** ENTRIES PROVIDED **
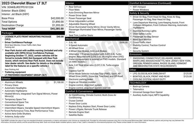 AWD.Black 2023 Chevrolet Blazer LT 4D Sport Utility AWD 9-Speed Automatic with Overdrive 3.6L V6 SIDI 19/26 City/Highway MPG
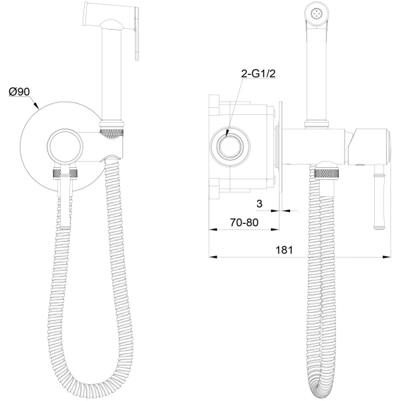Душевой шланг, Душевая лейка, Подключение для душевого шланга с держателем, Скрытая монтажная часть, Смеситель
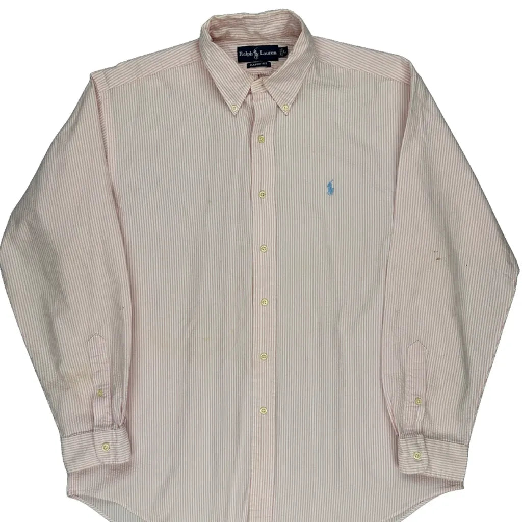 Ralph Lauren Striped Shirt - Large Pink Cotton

* * *

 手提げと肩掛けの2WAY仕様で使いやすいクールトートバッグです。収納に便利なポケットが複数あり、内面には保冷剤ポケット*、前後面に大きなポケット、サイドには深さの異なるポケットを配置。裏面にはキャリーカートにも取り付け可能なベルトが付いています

==

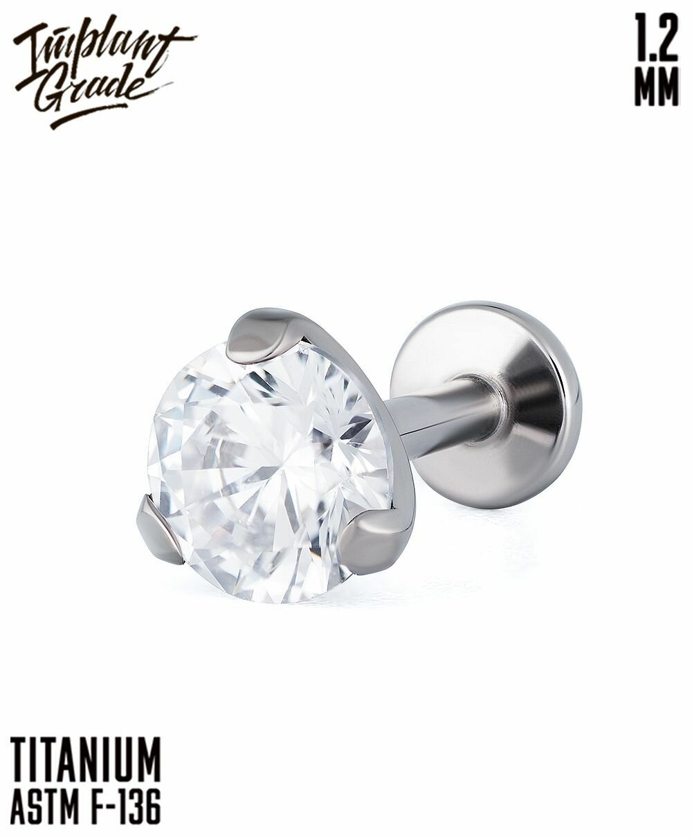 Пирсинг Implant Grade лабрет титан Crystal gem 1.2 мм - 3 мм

** ASSIGNED TASK **
Every line from the one with "Душевой шланг, Душевая" through the one with "Ralph Lauren Striped" is to be reproduced exactly as written above, and the pictures are to be dropped.

** ANSWER SPACE **
Душевой шланг, Душевая лейка, Подключение для душевого шланга с держателем, Скрытая монтажная часть, Смеситель
 Ralph Lauren Striped Shirt - Large Pink Cotton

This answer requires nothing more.